## [RECORD SET]
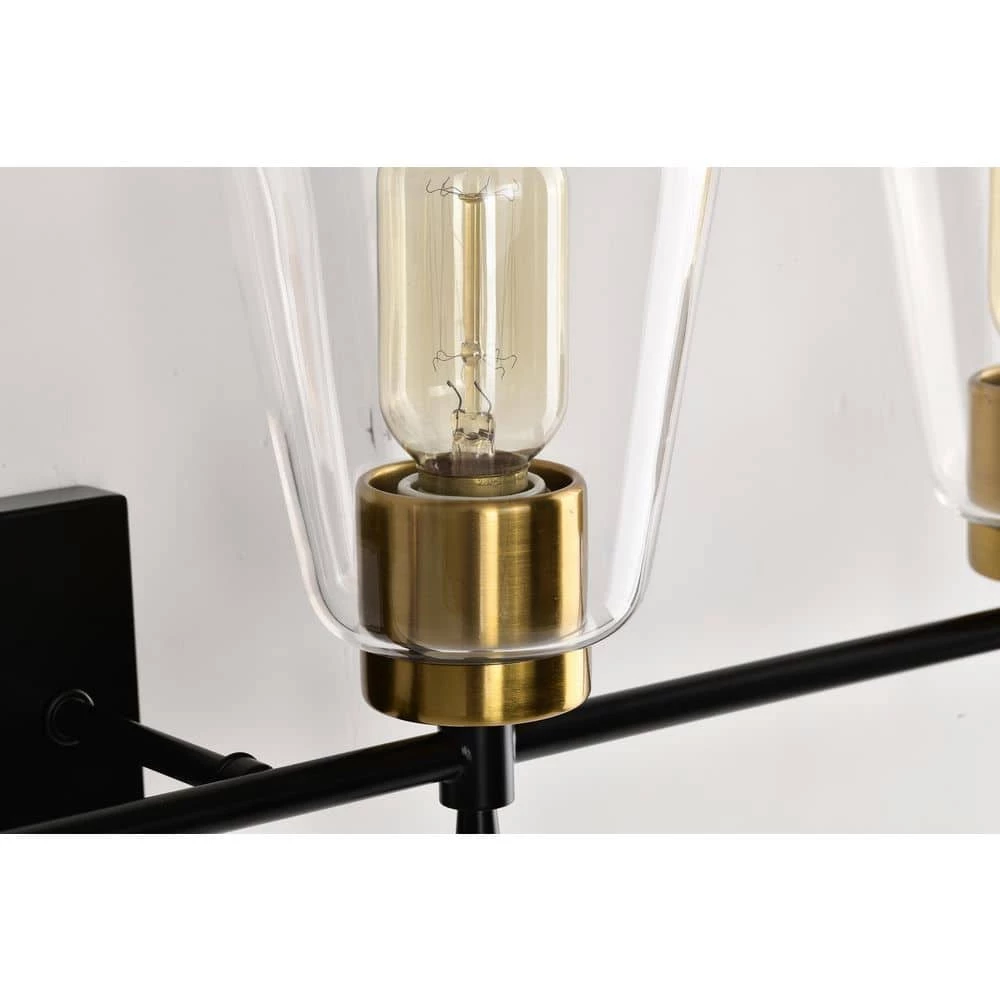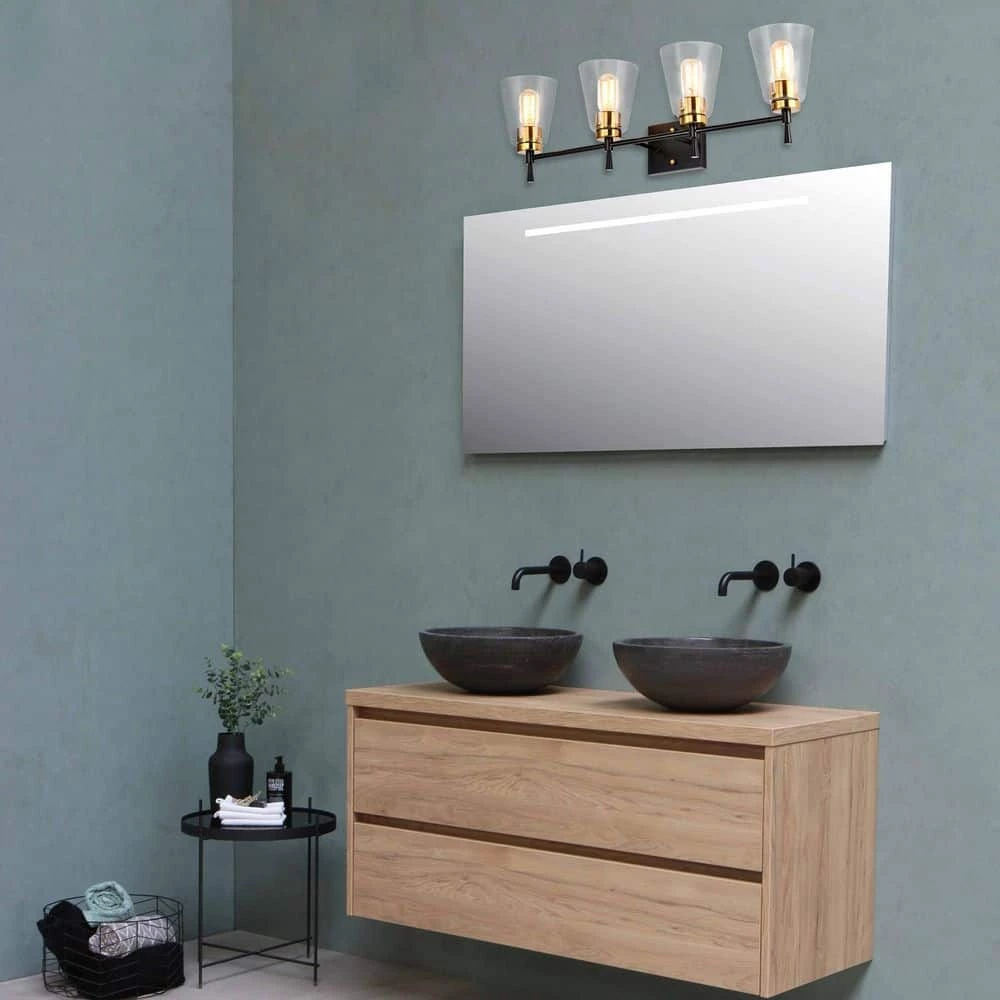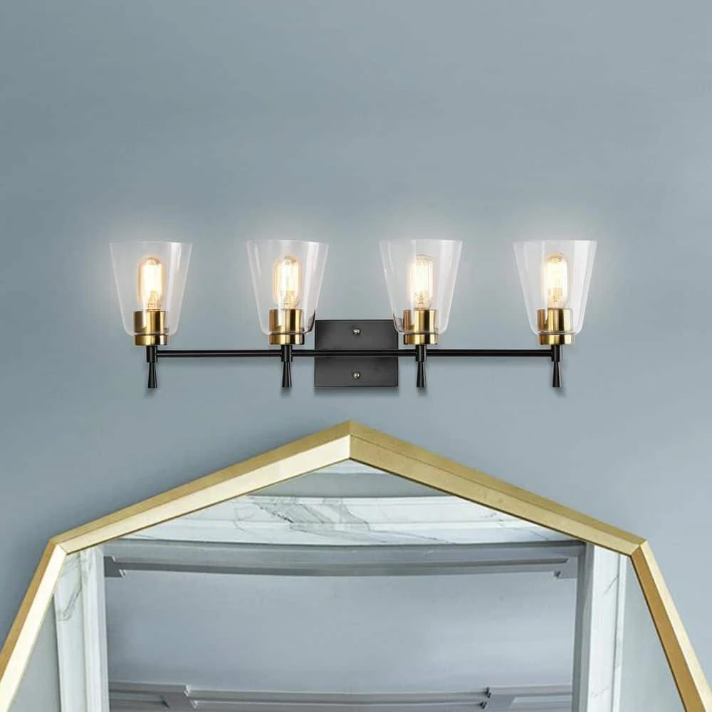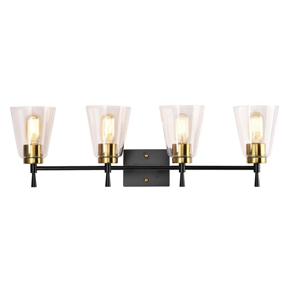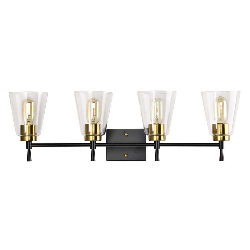 The vibrant hues and fine details of this Briarwood 4 light vanity illuminate your space in contemporary style. This vanity features elegant tapered stems that support four E26 base bulbs (not included) housed in a beautiful antique brass sleeve. The cone shaped clear glass shades allow plenty of light to shine through while allowing the hardware design to peek through. Place this vanity above the bathroom mirror, hallway, living room, or bedroom to accent and illuminate any room. We recommend adding a dimmer switch and dimmable bulbs to adjust the light accordingly.
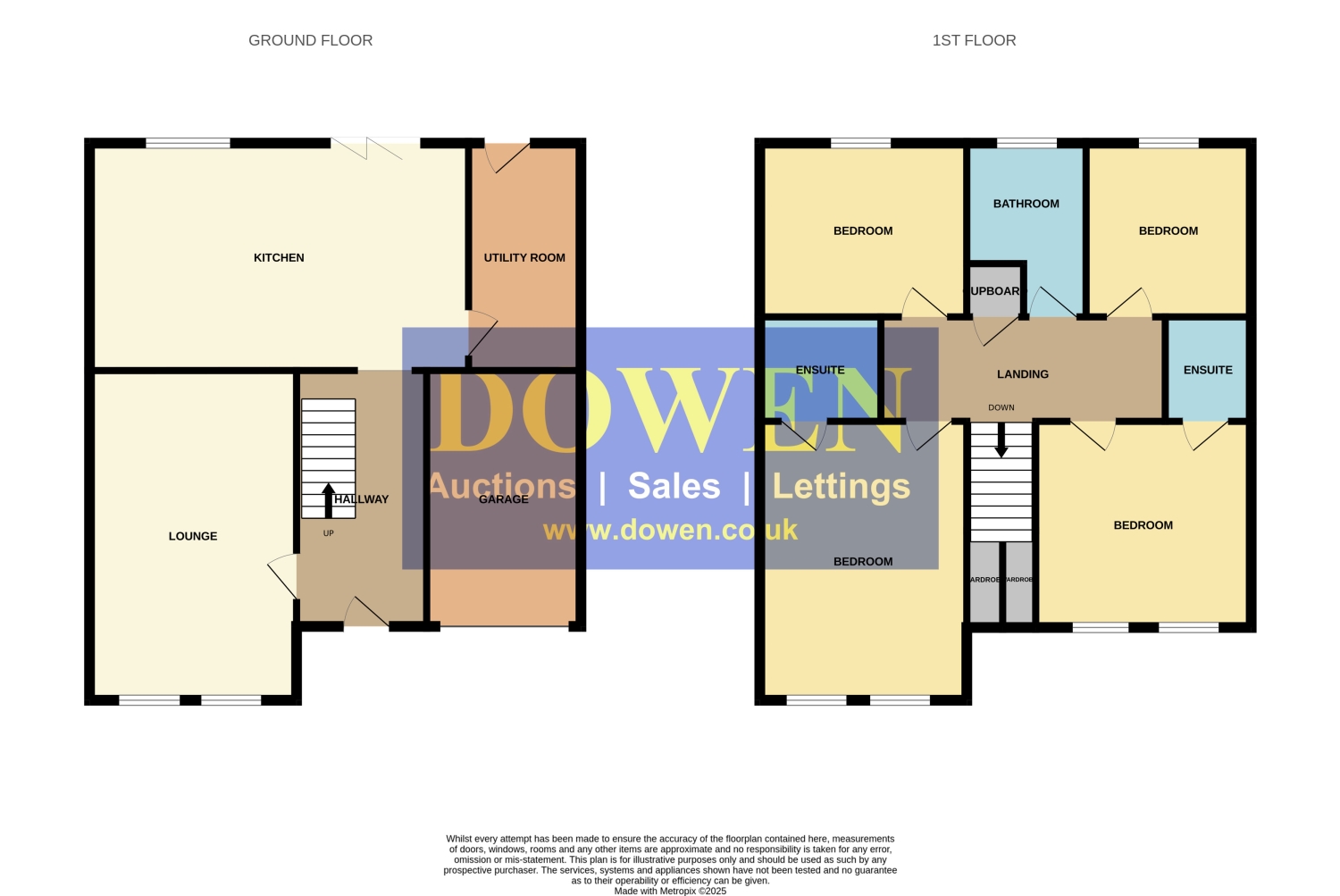 Upstairs, four generously sized bedrooms include two with en-suite bathrooms, offering comfort and convenience for family living or hosting guests. A third bathroom serves the remaining rooms, completing the well-designed layout.
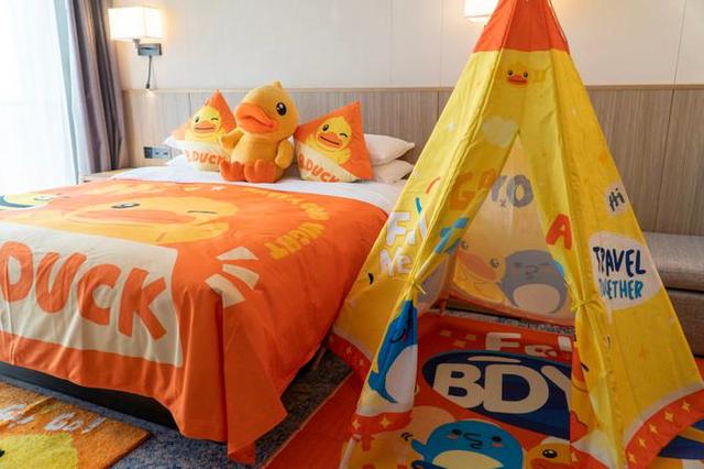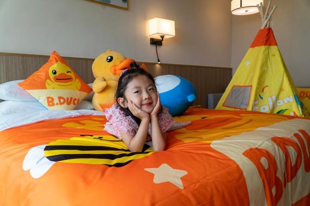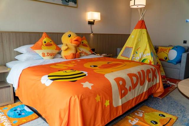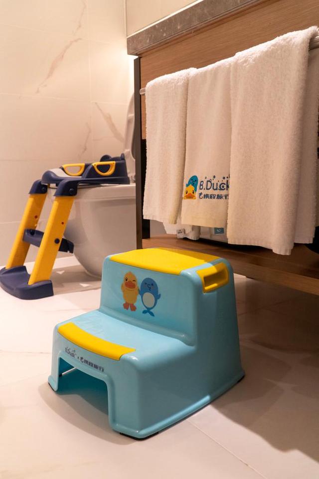酒店正好推出了暑期小黄鸭主题亲子房,打开门的一瞬间感觉进了一个童话世界,缤纷可爱的色彩尽收眼底,小黄鸭主题床罩&公仔,从毛巾,牙刷到拖鞋,从地毯到帐篷全是小黄鸭,都是小黄鸭的布置,连马桶的小凳子也是和小黄鸭有关的衍生品,,小朋友很喜欢,就算不出门也可以把酒店当游乐场。
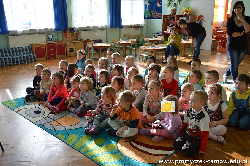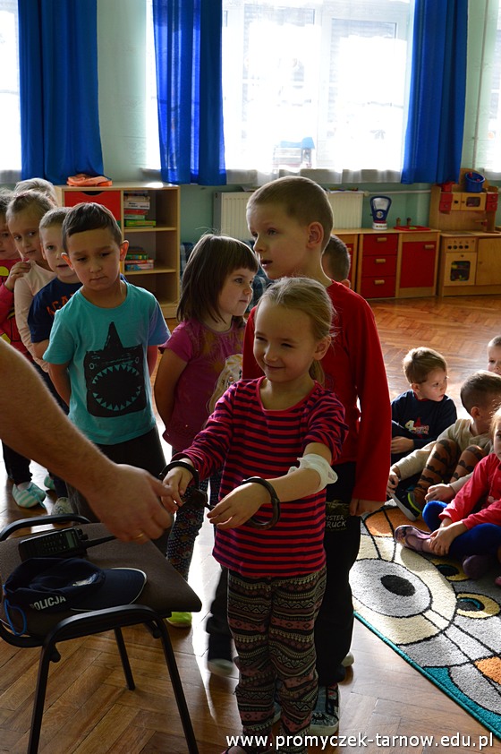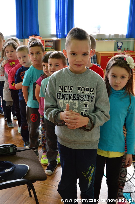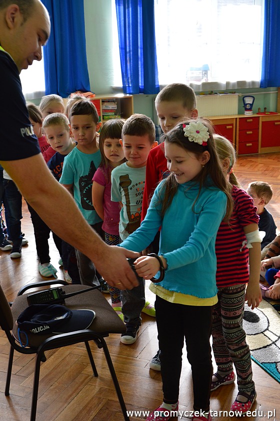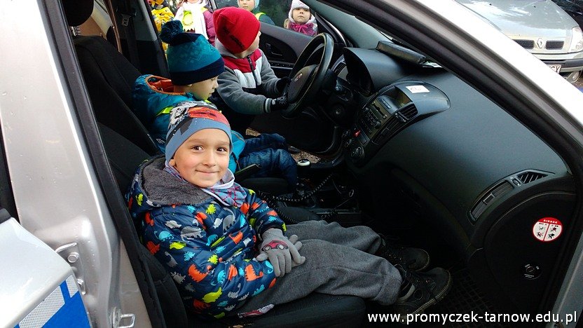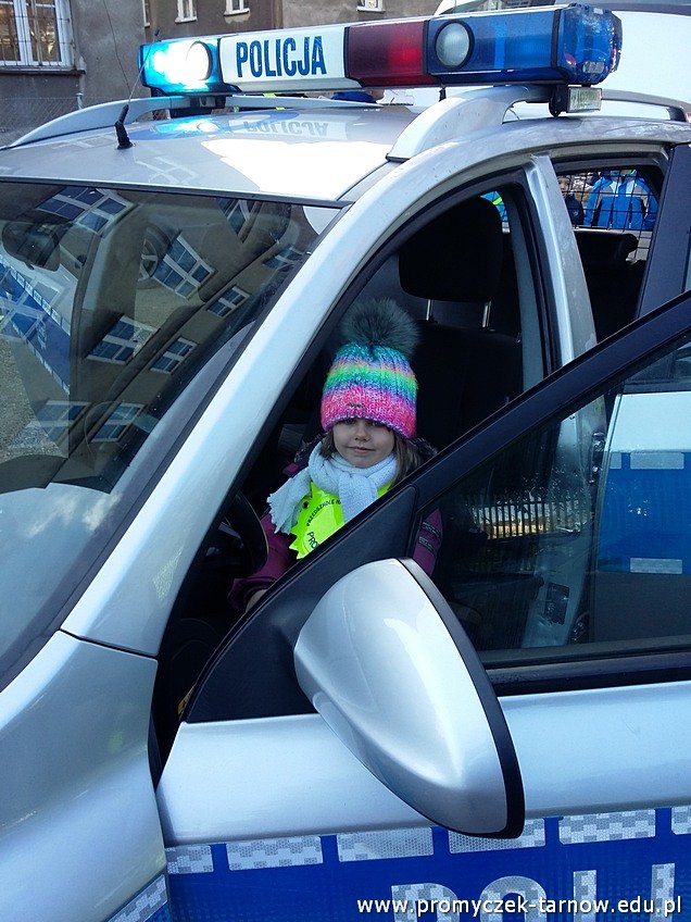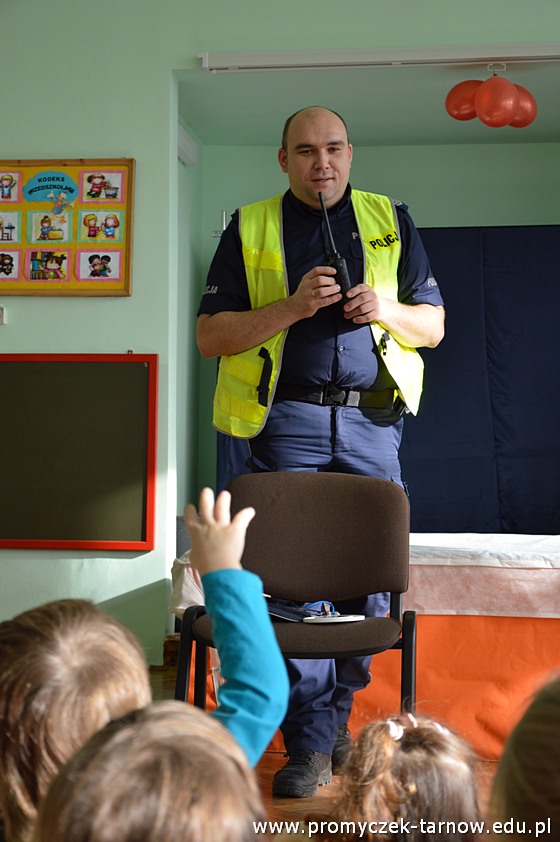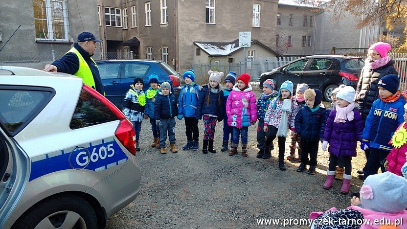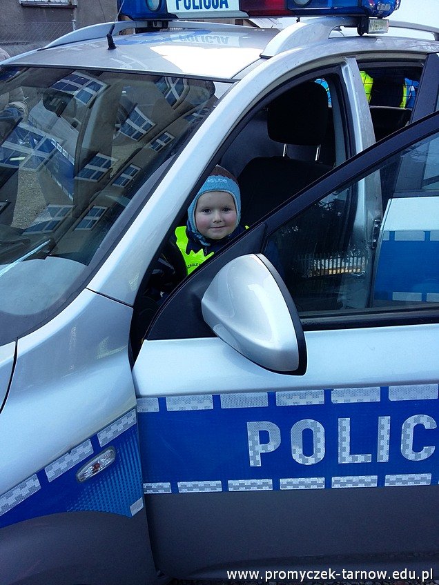 15 listopada gościliśmy w naszym Promyczku przemiłego gościa - sierżanta sztabowego Marcina Lamota. Pan policjant przybliżył nam nieco swoją profesję, a także zaprezentował atrybuty niezbędne do wykonywania działań policyjnych. Tradycyjnie już mogliśmy także obejrzeć z bliska radiowóz policyjny, odważne Promyczki wsiadły do środka tego wspaniałego auta!
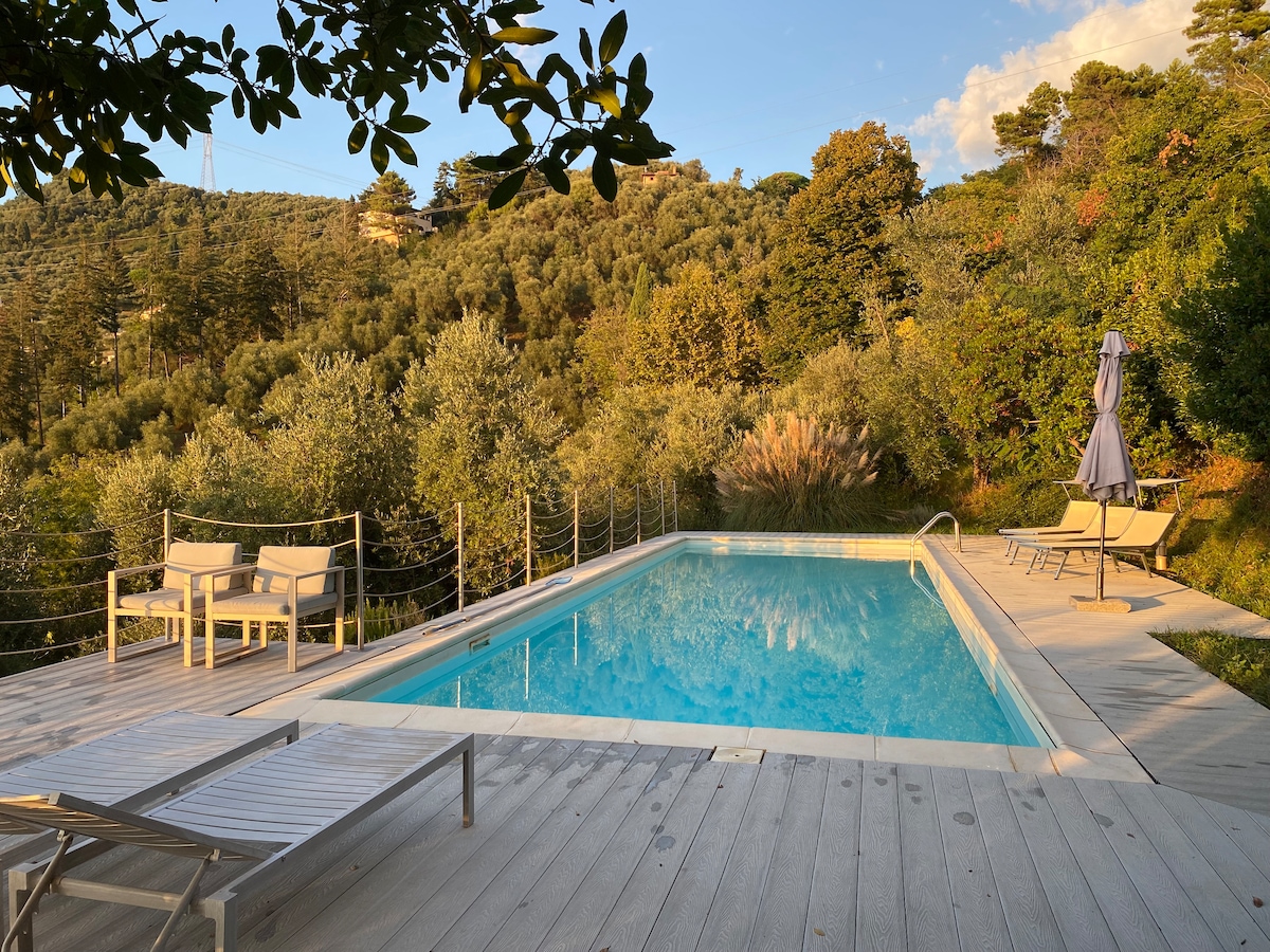 Villa met prachtig uitzicht op de Ligurische bergen, bestaande uit slaapkamer met badkamer, woonkamer en keuken; allemaal omgeven door een weelderige tuin met terras, barbecue en heerlijk zwembad. Parkeergelegenheid is aanwezig met de mogelijkheid om elektrische auto's op te laden.
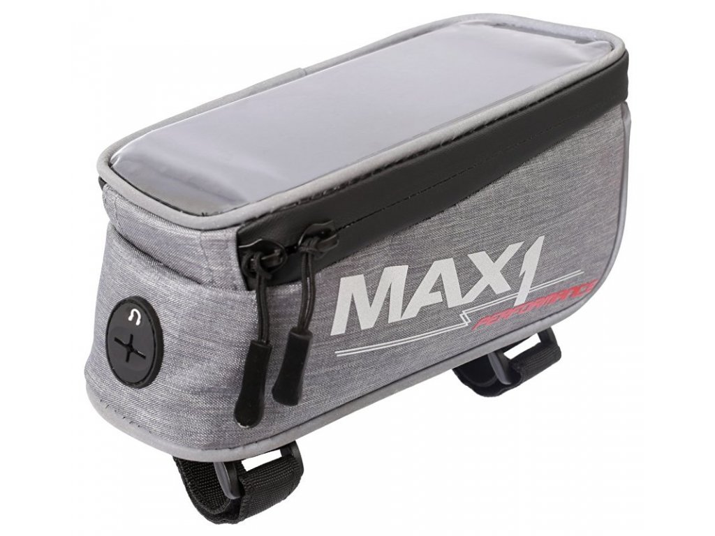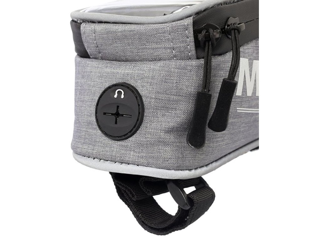 Kompaktní brašna MAX1 na rámovou trubku s kapsou uzpůsobenou pro mobilní telefon.Gumová membrána pro umístění sluchátek ve spodní části brašny. Pasuje na většinu standardních rámů.

## [WORK TASK]
Please give again only those lines that run from the one containing "Upstairs, four generously" through the final line of the listing, both included, exactly as written and without pictures.

## [COMPLETED EXERCISE]
 Upstairs, four generously sized bedrooms include two with en-suite bathrooms, offering comfort and convenience for family living or hosting guests. A third bathroom serves the remaining rooms, completing the well-designed layout.
酒店正好推出了暑期小黄鸭主题亲子房,打开门的一瞬间感觉进了一个童话世界,缤纷可爱的色彩尽收眼底,小黄鸭主题床罩&公仔,从毛巾,牙刷到拖鞋,从地毯到帐篷全是小黄鸭,都是小黄鸭的布置,连马桶的小凳子也是和小黄鸭有关的衍生品,,小朋友很喜欢,就算不出门也可以把酒店当游乐场。
 15 listopada gościliśmy w naszym Promyczku przemiłego gościa - sierżanta sztabowego Marcina Lamota. Pan policjant przybliżył nam nieco swoją profesję, a także zaprezentował atrybuty niezbędne do wykonywania działań policyjnych. Tradycyjnie już mogliśmy także obejrzeć z bliska radiowóz policyjny, odważne Promyczki wsiadły do środka tego wspaniałego auta!
 Villa met prachtig uitzicht op de Ligurische bergen, bestaande uit slaapkamer met badkamer, woonkamer en keuken; allemaal omgeven door een weelderige tuin met terras, barbecue en heerlijk zwembad. Parkeergelegenheid is aanwezig met de mogelijkheid om elektrische auto's op te laden.
 Kompaktní brašna MAX1 na rámovou trubku s kapsou uzpůsobenou pro mobilní telefon.Gumová membrána pro umístění sluchátek ve spodní části brašny. Pasuje na většinu standardních rámů.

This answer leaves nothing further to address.